Here, we associate three words with numbers, and then print out the value contained in 'Vivaldi', which is 90. We'll use a dictionary to store the X, Y, X movement and Y movement values of our balls - a bit like a struct in C. But whereas C bogs us down in memory management turmoil, in Python we can create loads of ball objects without any hassle at all, giving them their own individual dictionary entries.

The final thing we need to think about is collision detection. How do we tell when the mouse pointer has collided with a ball? Logically, it seems sanest to go through the position of every ball and compare them with the mouse pointer location. But we have a trick up our sleeve: the balls are white, and the background is black, so why not just detect when the mouse pointer is over a white pixel? That only takes one line of code, and is very fast...

Here's the code, which you can find as ball2.py in the source code for this project, along with the ball.png picture we created earlier (it's exactly the same).

from pygame import *
import random

ballpic = image.load('ball.png')
ballpic.set_colorkey((0,0,0))

numballs = 10
delay = 5

done = False

balls = []

for count in range(numballs):
    balls.append(dict)
    balls[count] = {'x': 0, 'y': 0, 'xmove': random.randint(1, 2), 'ymove': random.randint(1, 2)}

init()
screen = display.set_mode((640, 480))
display.set_caption('Ball game')
event.set_grab(1)

while done == False:
    screen.fill(0)

    for count in range(numballs):
        screen.blit(ballpic, (balls[count]['x'], balls[count]['y']))

    display.update()

    time.delay(delay)

    for count in range(numballs):
        balls[count]['x'] = balls[count]['x'] + balls[count]['xmove']
        balls[count]['y'] = balls[count]['y'] + balls[count]['ymove']

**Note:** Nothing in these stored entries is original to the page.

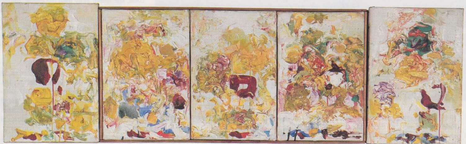
Little Trip, 1969, oil on canvas, 5 panels: 16 by 54¼ inches overall.

Storr writes, "The years in Vetheuil rewrote the critical equation which held her reputation in check." And he adds, "It was feminism that began the process of reevaluating her importance at the very time in the 1970's when the decreed death of painting seemed to have come woefully true." Still, I was disappointed that so many of Joan's obituaries were laced with rote comparisons to Monet, as she had predicted. One can only infer that the surest course to faint-praise damnation, particularly for a woman, is to be a colorist straightforwardly striving for the beautiful—as if that alone is grounds enough to call her work derivative.
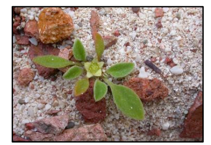
Aizoon canariense / Kibidinoh This tiny herb with star-like fruits is common on sandy plains throughout Arabia. An important dry season forage where little else grows.

The stems of this greyish vine trail for up to a meter across the sand; it is related to the water melon but the flesh of the fruits is extremely bitter. Goats eating the fruit are said to go longer without water, but the fruit has many toxins with strong purgative effects.
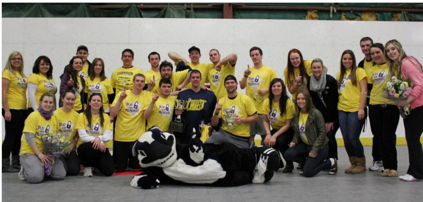
Twenty-four teams participated in the BLCS's Fourth Annual Play for Memories ball hockey tournament
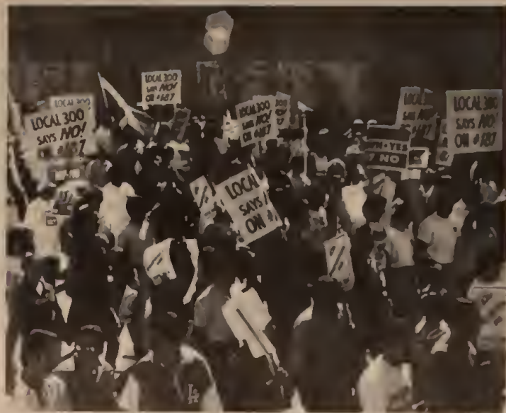
Construction worker contingent at 80,000-strong march in Los Angeles last October against racist anti-immigrant Prop. 187. Now the racists are pushing "Son of 187" referendum against affirmative action.

Demagogic appeals by racist politicians to "angry white men" capitalizing on the false perception that minorities and women have been given preferential advantage. From the outset, liberal affirmative action schemes were designed in such a way as to set whites against blacks and men against women in competition for a diminishing share of jobs, classroom seats and professional openings. After all, within the framework of the capitalist status quo, advancement

    for count in range(numballs):
        if balls[count]['x'] > 620:
            balls[count]['xmove'] = random.randint(-2, 0)
        if balls[count]['x'] < -10:
            balls[count]['xmove'] = random.randint(0, 2)
        if balls[count]['y'] > 470:
            balls[count]['ymove'] = random.randint(-2, 0)
        if balls[count]['y'] < -10:
            balls[count]['ymove'] = random.randint(0, 2)

    for e in event.get():
        if e.type == KEYUP:
            if e.key == K_ESCAPE:
                done = True

    if screen.get_at((mouse.get_pos())) == (255, 255, 255, 255):
        done = True

print "You lasted for", time.get_ticks()/1000, "seconds!"

The general concepts behind this code are the same as before, but there's lots of new juicy code to explore. Near the top, where we load our ball image, we also set its colorkey to (0,0,0)' which is the RGB (Red/Green/Blue) value for black. What we're saying here is: set all black pixels in our ball picture to be transparent.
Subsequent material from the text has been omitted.